(Aim of the exercise):
Retype exactly what appears below from the line containing "Hash Profit Easy" down to the line containing "A small bag", keeping both end lines. Do not include pictures.

Segment Start: Working data

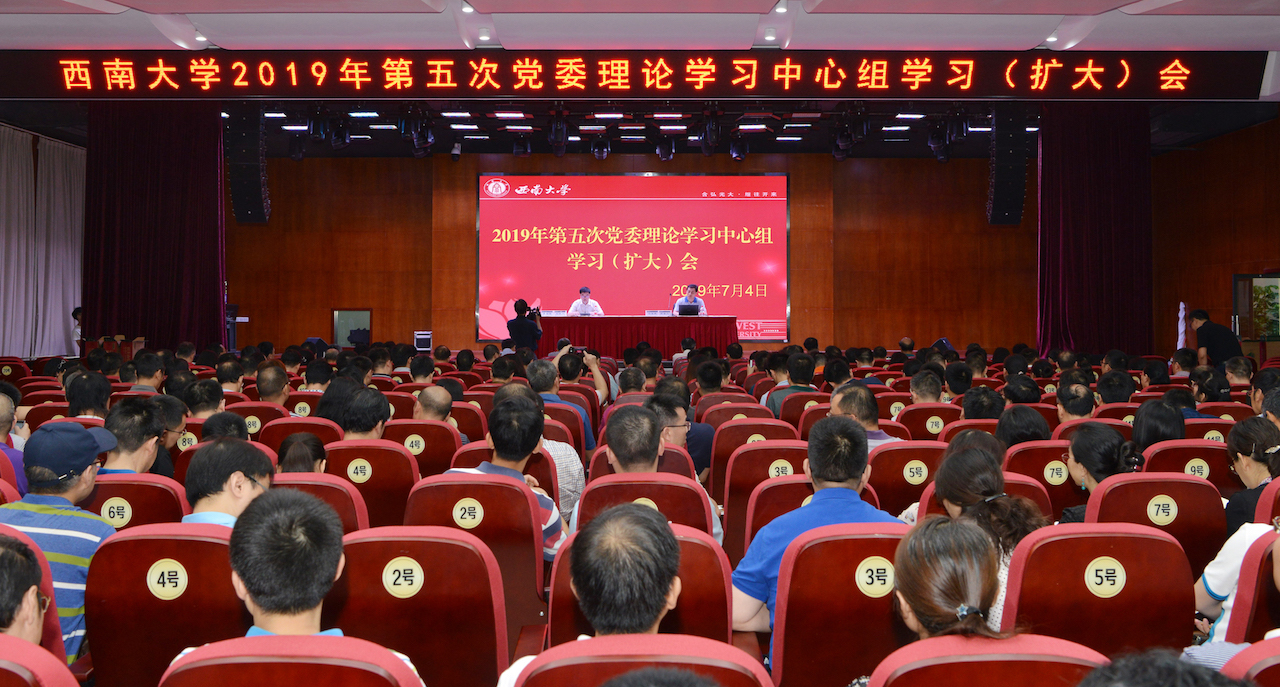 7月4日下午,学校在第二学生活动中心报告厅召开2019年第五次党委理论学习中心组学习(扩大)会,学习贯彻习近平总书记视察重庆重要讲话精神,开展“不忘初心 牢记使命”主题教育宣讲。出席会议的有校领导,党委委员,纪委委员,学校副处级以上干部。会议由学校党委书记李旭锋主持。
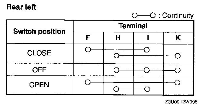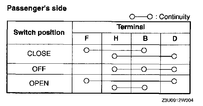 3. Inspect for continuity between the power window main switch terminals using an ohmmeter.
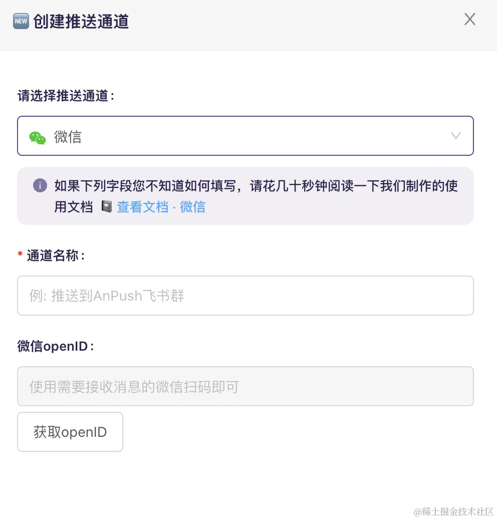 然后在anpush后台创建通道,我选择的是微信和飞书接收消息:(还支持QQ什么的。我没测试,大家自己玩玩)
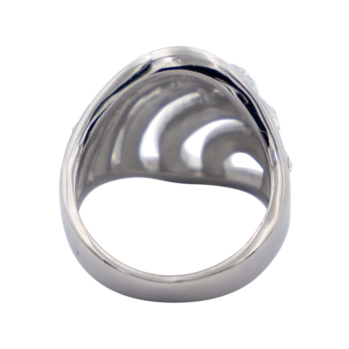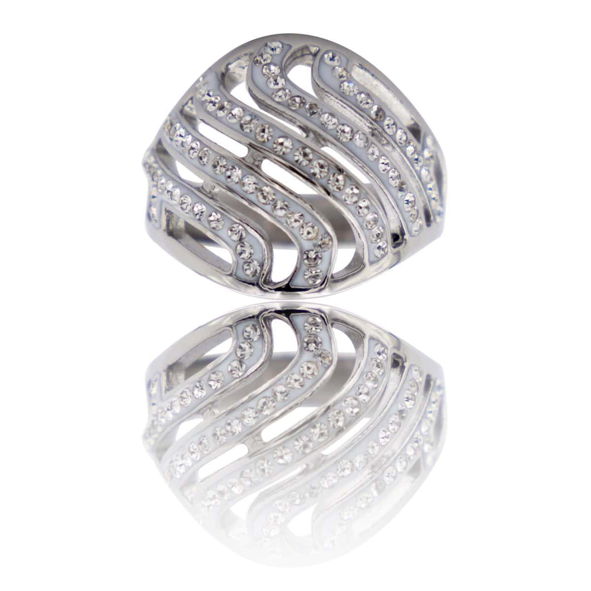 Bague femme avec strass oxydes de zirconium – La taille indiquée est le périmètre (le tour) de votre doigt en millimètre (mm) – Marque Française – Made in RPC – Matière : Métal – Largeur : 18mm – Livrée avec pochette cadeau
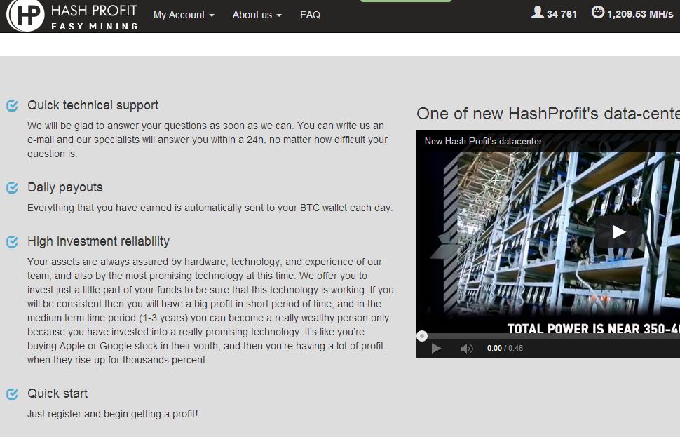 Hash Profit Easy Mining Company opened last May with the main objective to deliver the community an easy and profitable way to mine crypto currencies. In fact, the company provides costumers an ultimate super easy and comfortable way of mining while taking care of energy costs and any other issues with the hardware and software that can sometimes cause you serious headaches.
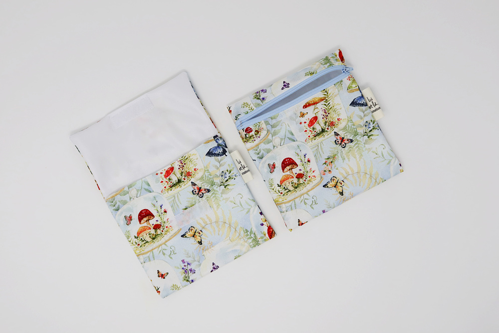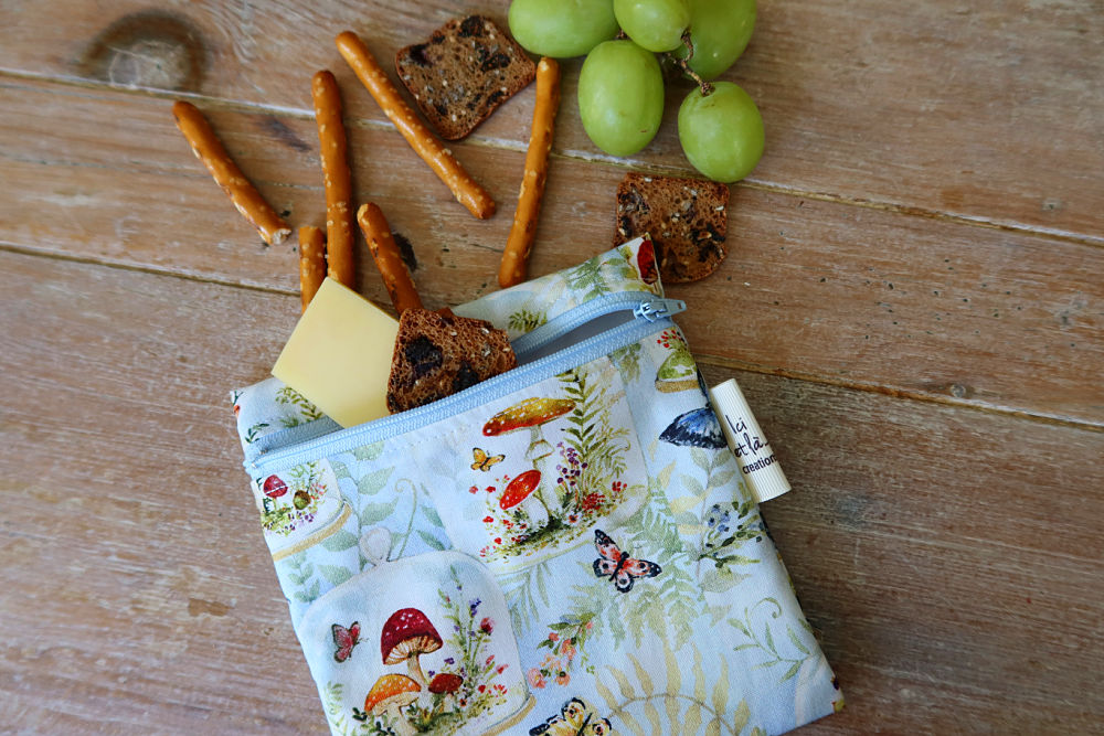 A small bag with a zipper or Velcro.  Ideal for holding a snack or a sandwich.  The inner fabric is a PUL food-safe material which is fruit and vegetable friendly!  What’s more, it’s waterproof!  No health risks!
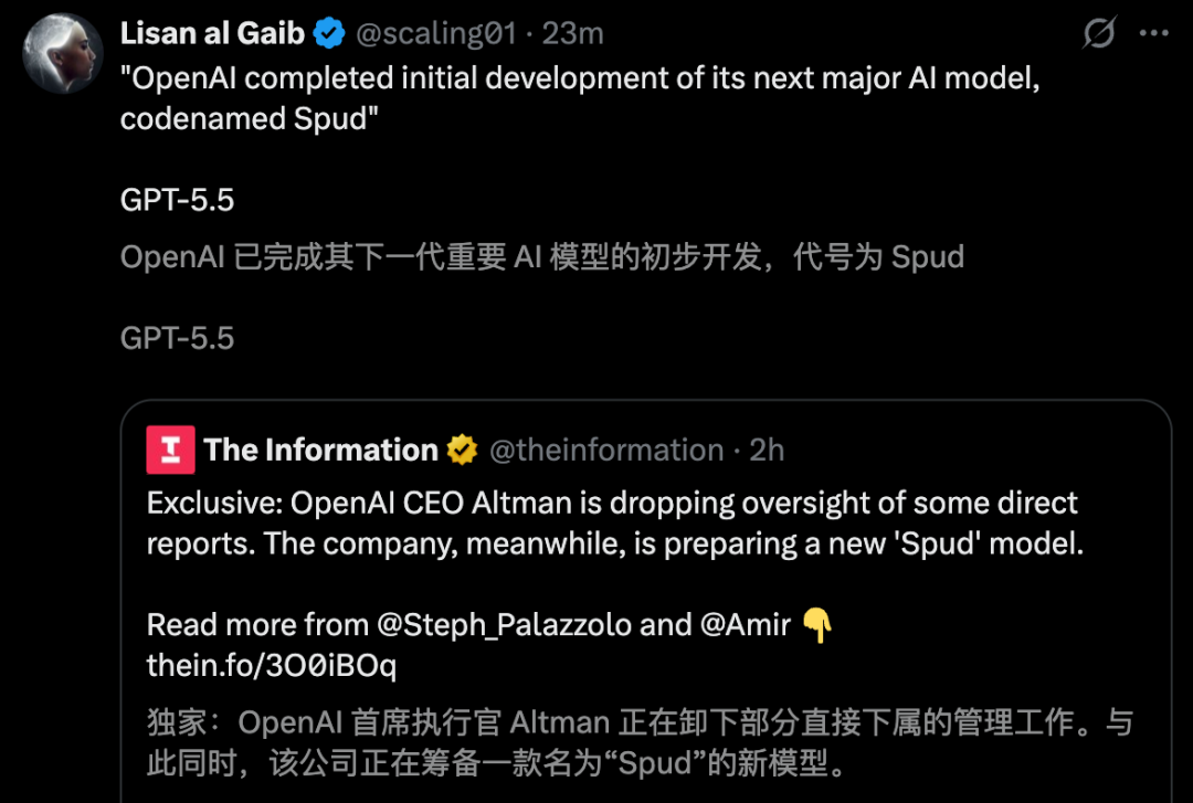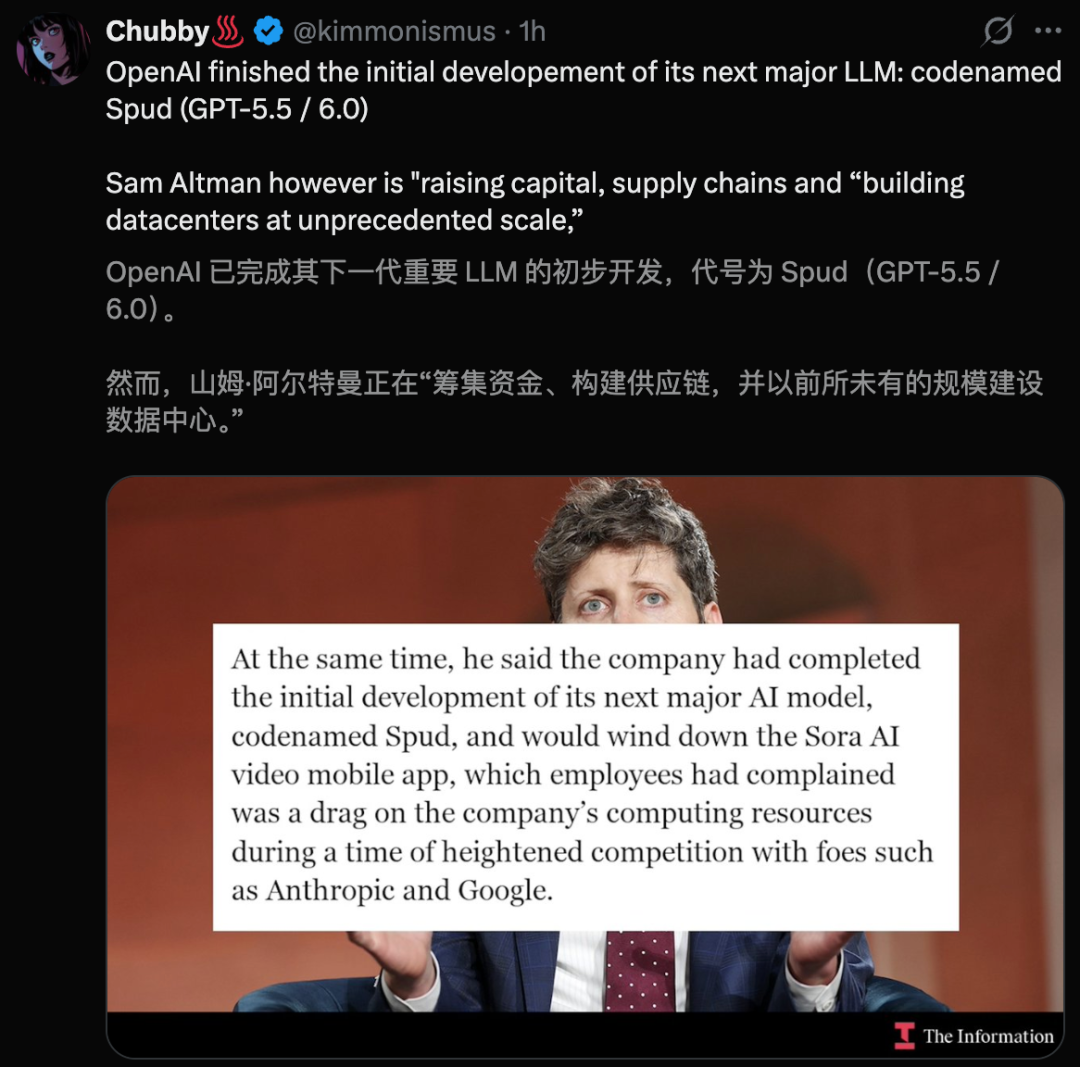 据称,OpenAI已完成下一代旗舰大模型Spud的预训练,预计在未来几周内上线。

Segment End: Working data

(Response to this task):
 Hash Profit Easy Mining Company opened last May with the main objective to deliver the community an easy and profitable way to mine crypto currencies. In fact, the company provides costumers an ultimate super easy and comfortable way of mining while taking care of energy costs and any other issues with the hardware and software that can sometimes cause you serious headaches.
 A small bag with a zipper or Velcro.  Ideal for holding a snack or a sandwich.  The inner fabric is a PUL food-safe material which is fruit and vegetable friendly!  What’s more, it’s waterproof!  No health risks!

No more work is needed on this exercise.